PMNs were prepared from citrated venous blood obtained from healthy volunteers at a local hospital blood bank, using the standard techniques of dextran sedimentation followed by Histopaque®1077 gradient centrifugation. Residual erythrocytes were removed by hypotonic lysis and PMNs were resuspended in buffered salt solution (BSS) (138 mmol l−1 NaCl, 2.7 mmol l−1 KCl, 8.1 mmol l−1 Na2HPO4, 1.5 mmol l−1 KH2PO4, 1 mmol l−1 MgCl2, 1 mmol l−1 CaCl2, pH 7.4) supplemented with 1 mg ml−1 glucose and 1 mg ml−1 human serum albumin (HSA).
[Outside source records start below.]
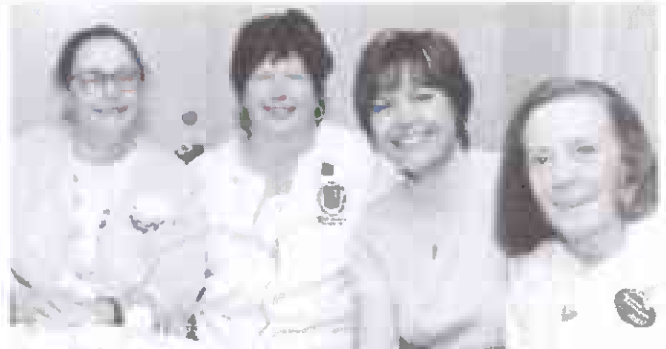
It's all smiles at the convention.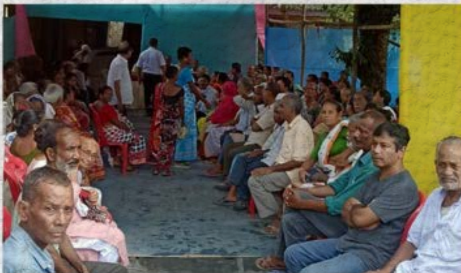
LIONS CLUB OF JAGIROAD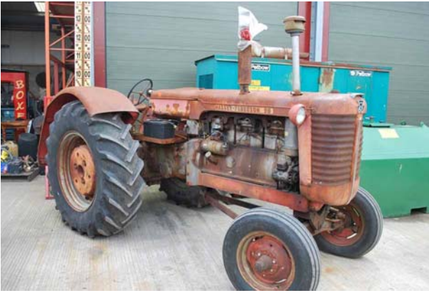
MF 95 VAT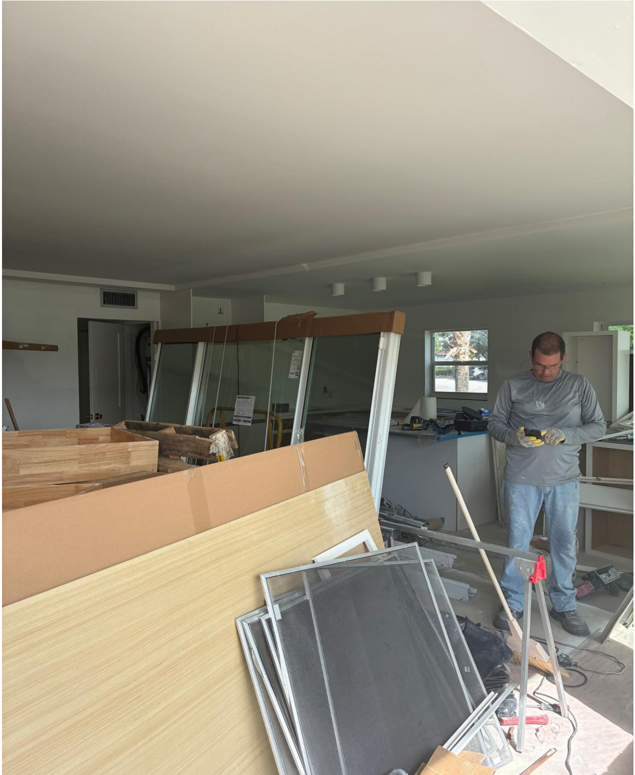
114 WELLINGTON F- KITCHEN WALL REMOVED, RECESSED LIGHTING INSTALLED, KITCHEN REDESIGN. NO ACTIVE PERMITS.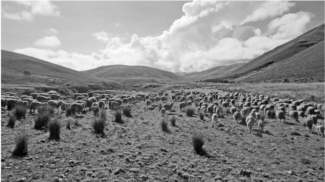
FIGURE 3 Many of the members of the community have flocks of sheep that, like this one, consist of both their own and others' animals.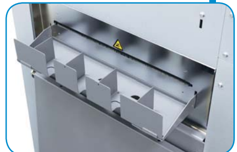
Business card catch tray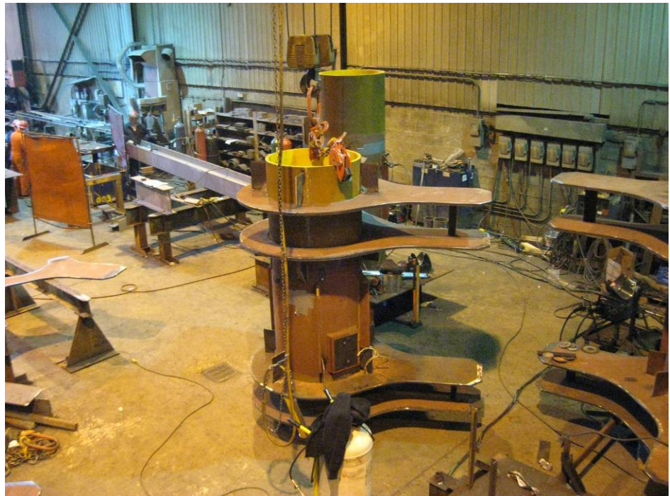
Pile Sleeve for MSF No. 2 at Metal World

Purity of the final cell suspension and cell viability, assessed by the Trypan blue exclusion test, were >95% in all cases. Cell viability was not affected by drug treatment.

Human umbilical vein endothelial cells (HUVEC) were isolated from human umbilical veins by collagenase treatment (0.1%) and cultured in M199 with the addition of 20% BCS, 100 U ml−1 penicillin, 100 μg ml−1 streptomycin, 5 U.I. m−1 heparin, 12 μg ml−1 bovine brain extract and 200 mM glutamine. Purity of the HUVEC preparation, evaluated by morphology and immunostaining for factor VIII, was >95%. Contaminant leukocytes were detected by immunostaining for CD45.
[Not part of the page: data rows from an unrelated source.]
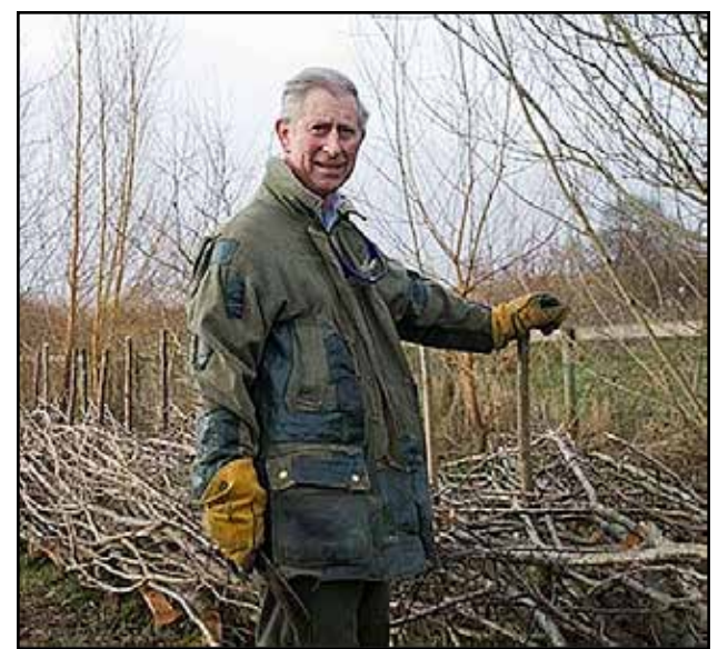
NO SMALL NUMBER: Charles has forgone a £250m profit on his Crown Estate energy project

A Buckingham Palace spokeswoman said: "In view of the offshore energy windfall, the Keeper of the Privy Purse has written to the Prime Minister and Chancellor to share the King's wish that this windfall be directed for wider public good, rather than to the Sovereign Grant, through an appropriate reduction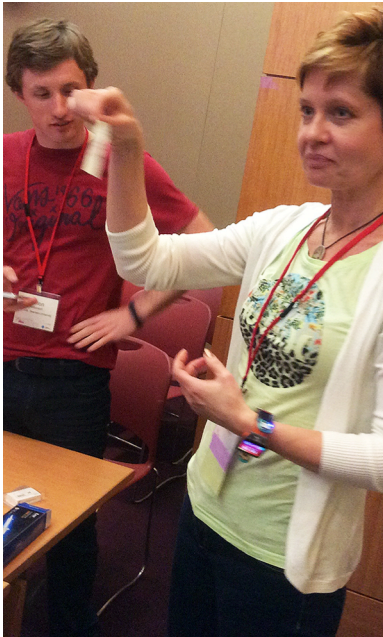
Figure 1. CHI '15 workshop on Mobile Collocated Interactions: From Smartphones to Wearables . http://www.funkydesignspaces.com/mobile_collocated/

In the morning, individual presentations were followed by group discussions where relevant topics were identified for the afternoon 'hands on' session.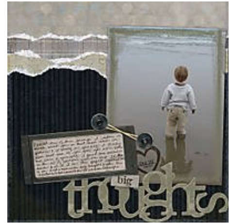
Big Thoughts by Shawna

"Grey Day" has both a paper and an element pack , or if you would like both, pick up the combo pack , and save fifty cents of the price of the separate pieces.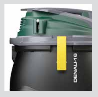
Detachable cord Minimize downtime with easily changeable cord.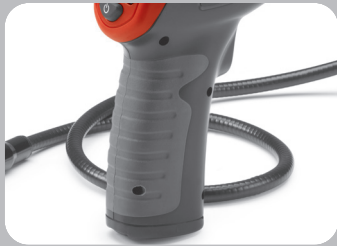
Pistol Grip Design for Easy One-Handed Operation

HUVEC were grown to confluence in flasks and used at the III-V passage. Informed consent was obtained from all volunteers.

Preparation of chol-but SLN and sodium butyrate solutions

Chol-but SLN were prepared by the microemulsion method, reported elsewhere (Pellizzaro et al., 1999). Briefly, a warm oil-in-water microemulsion was prepared from cholesterylbutyrate, Epikuron 200, butanol and water. The warm microemulsion was dispersed in cold water and the resulting chol-but SLN aqueous dispersion was washed twice by diaultrafiltration using a TCF2 system Amicon (Danvers, U.S.A.) with a Diaflo YM 100 membrane (cutoff 100,000 Da). The aqueous dispersions of chol-but SLN were sterilized by autoclaving (15 min, 121°C, 2 bar) before use. Fluorescent chol-but SLN were prepared as above but adding 6-coumarin (0.04% w w−1) to the formulation.
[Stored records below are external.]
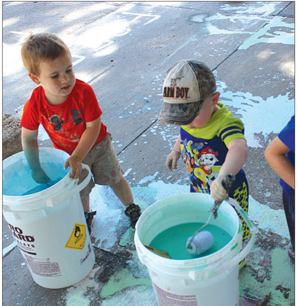
Free activities for children included a liquid chalk paint-fest. The mixture, made from cornstarch, water and food coloring, kept budding artists busy.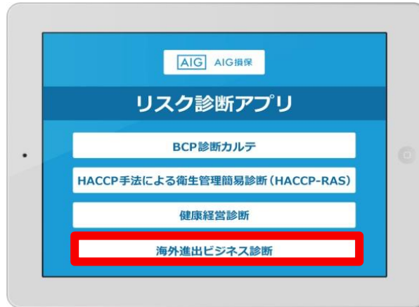
AIG General's risk diagnostic app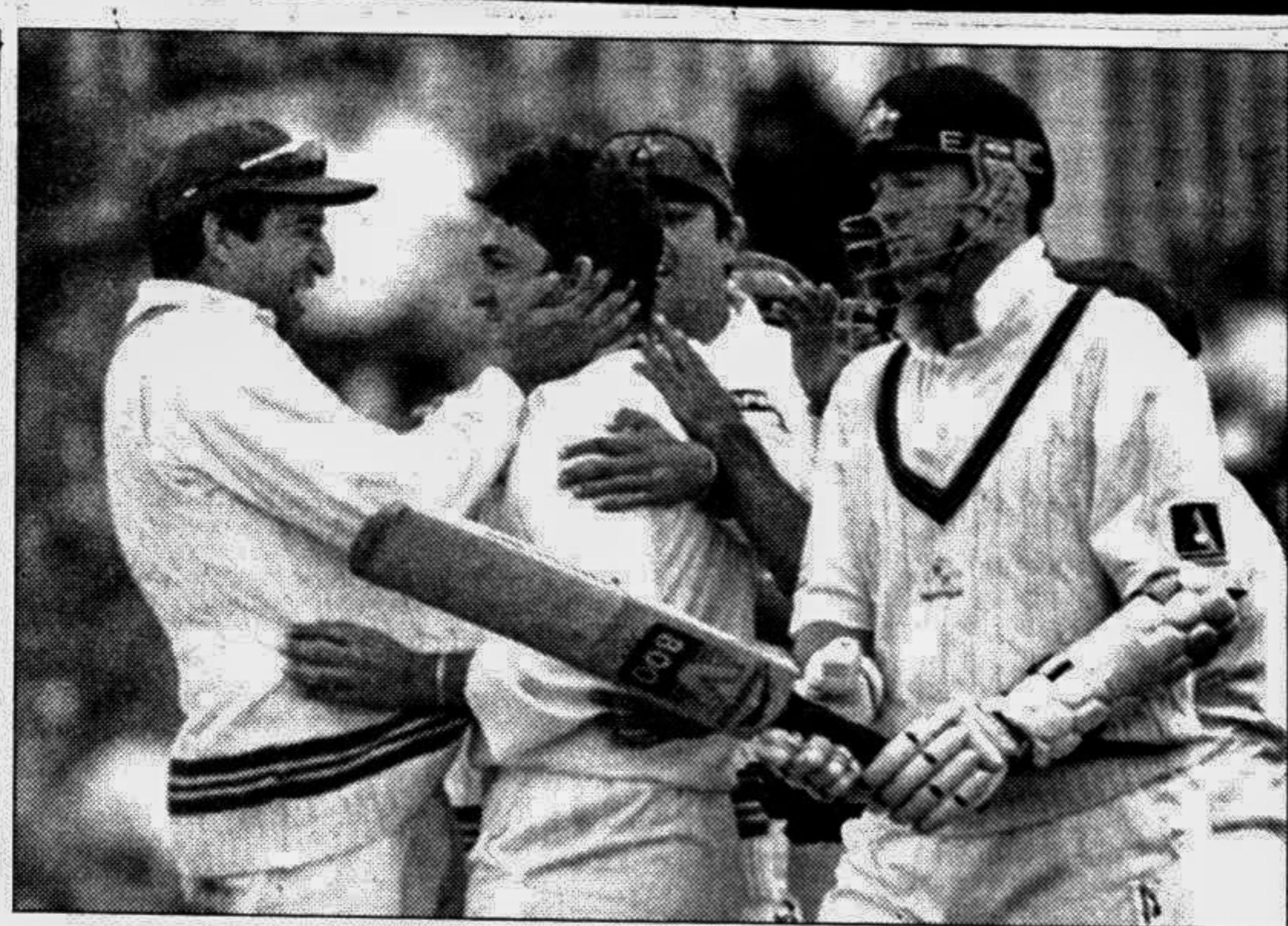
All-rounder Azhar Mahmood (C) is the toast of his teammates after dismissing Mark Waugh leg before wicket yesterday.

Langer, on four, was struck a painful blow from a misdirected full toss by tearaway Shoab Akhtar, forcing him to seek treatment before continuing.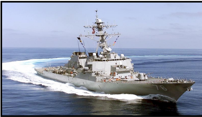
USS HIGGINS DDG-76

Our first encounter was with the USS Higgins, DDG-76, an Arleigh Burke Class Guided Missile Destroyer assigned to Desron-15, based in Manila, Philippines. The second encounter was with the USS Savannah, LCS-28, a Littoral Combat Ship, docked in Puerto Princessa, Philippines. Seeing our Navy as we travel the globe is truly heart warming and makes us extremely proud. (Editors Note: All Shipmates are encouraged to submit stories and photos of their experiences while traveling the globe.)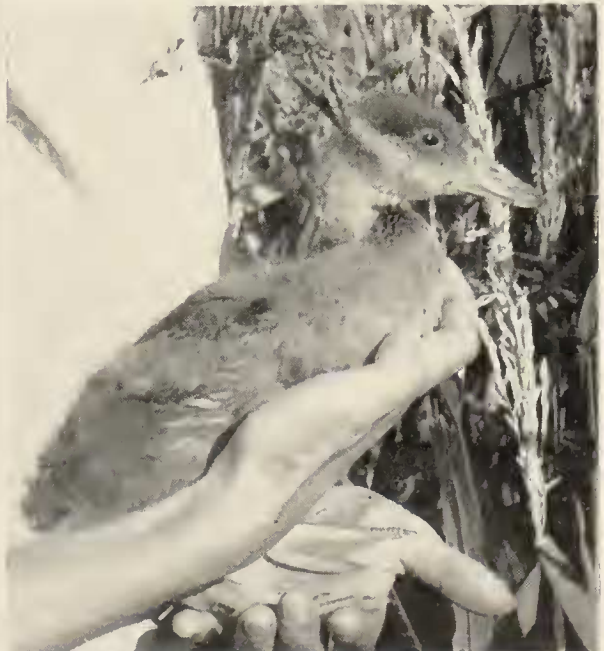
FIG. 5. Downy young four days old.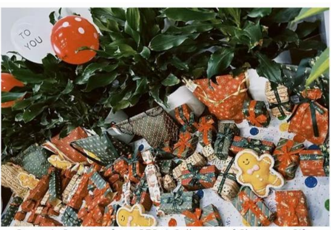
Season's Greetings from GEC: A Collection of Christmas Gifts

The offices were transformed into cozy, inviting spaces, with twinkling lights and charming Christmas decorations creating a festive yet intimate atmosphere. Amidst the laughter and friendly chatter, tables adorned with an array of delightful Christmasthemed treats added a sweet touch to the occasion.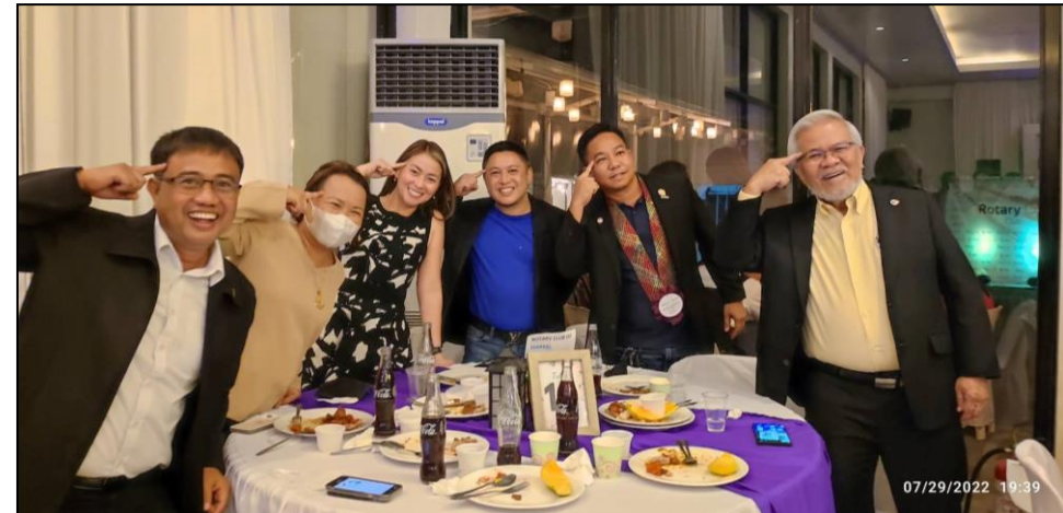
Induction and Handover Ceremonies of the Rotary Club of Polomolok 101 July 29, 2022 | The Backyard, Polomolok

Sodium butyrate solutions were freshly prepared in sterile water or in a mixture of sterile water and ethanol (50 : 50 v v−1) before each experiment, at a concentration of 5 M.

Characterization and stability of chol-but SLN

The average diameters and polydispersity indices of fluorescent and nonfluorescent chol-but SLN were determined by photon correlation spectroscopy (PCS) using an N4 MD instrument (Coulter) at a fixed angle of 90° and at a temperature of 25°C. Each value reported with its s.e.m. is the average of 10 measurements and is calculated by the Coulter software using cumulant analysis and an exponential sampling method. The polydispersity index is a measure of the size distribution of a nanoparticle population (Koppel, 1972) and is calculated using a software package (Coulter Scientific Instruments, U.S.A.).

The electrophoretic mobility and zeta potential were measured using a 90 PLUS instrument (Brookhaven Instrument Corporation, NY, U.S.A.). To determine the zeta potential, SLN samples were diluted with KCl 0.1 mM and placed in the electrophoretic cell, where an electric field of 15.2 V cm−1 was applied. Each sample was analyzed at least in triplicate. The measured electrophoretic mobility was converted into zeta potential using the Smoluchowsky equation (Müller, 1991). The processing was performed by the software included in the system. The zeta potential is a measure of the surface charge of nanoparticles when they are dispersed in aqueous solutions; the parameter is employed to assess colloidal dispersion stability.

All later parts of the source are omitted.